▶ **WHAT TO WORK ON**
Take the line containing "A kitchy, retro" and every line after it to the end of the material below; reproduce them exactly, without pictures.

▶ **COLLECTED MATERIAL**
↓

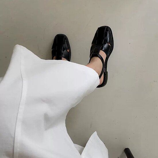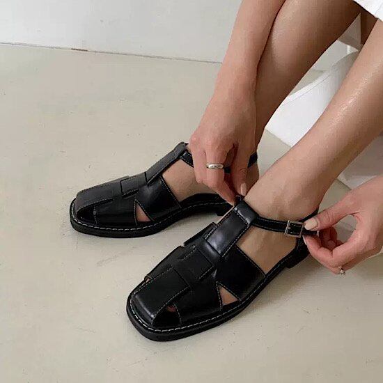 今季トレンドの甲を編み込んだベルトディテールが特徴!
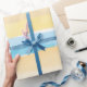 This beautifully wrapped gift box features a pastel color scheme, accented with a shiny red ribbon and a large bow. The box is set amidst festive pine branches, decorative pinecones dusted with white, and vibrant Christmas ornaments, creating a joyful and celebratory holiday atmosphere.
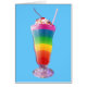 A kitchy, retro image of a milkshake with rainbow stripes.
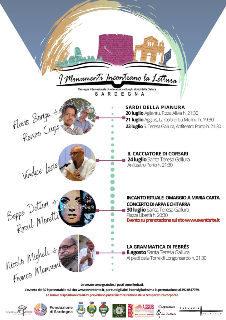L’apertura della nona edizione è affidata a Flavio Soriga e a Renzo Cugis, il 20 luglio, ad Aglientu, in piazza Alivia, a partire dalle 21:30. Il titolo del reading è “Sardi della pianura”.

↑

▶ **SOLUTION TO THIS EXERCISE**
 A kitchy, retro image of a milkshake with rainbow stripes.
L’apertura della nona edizione è affidata a Flavio Soriga e a Renzo Cugis, il 20 luglio, ad Aglientu, in piazza Alivia, a partire dalle 21:30. Il titolo del reading è “Sardi della pianura”.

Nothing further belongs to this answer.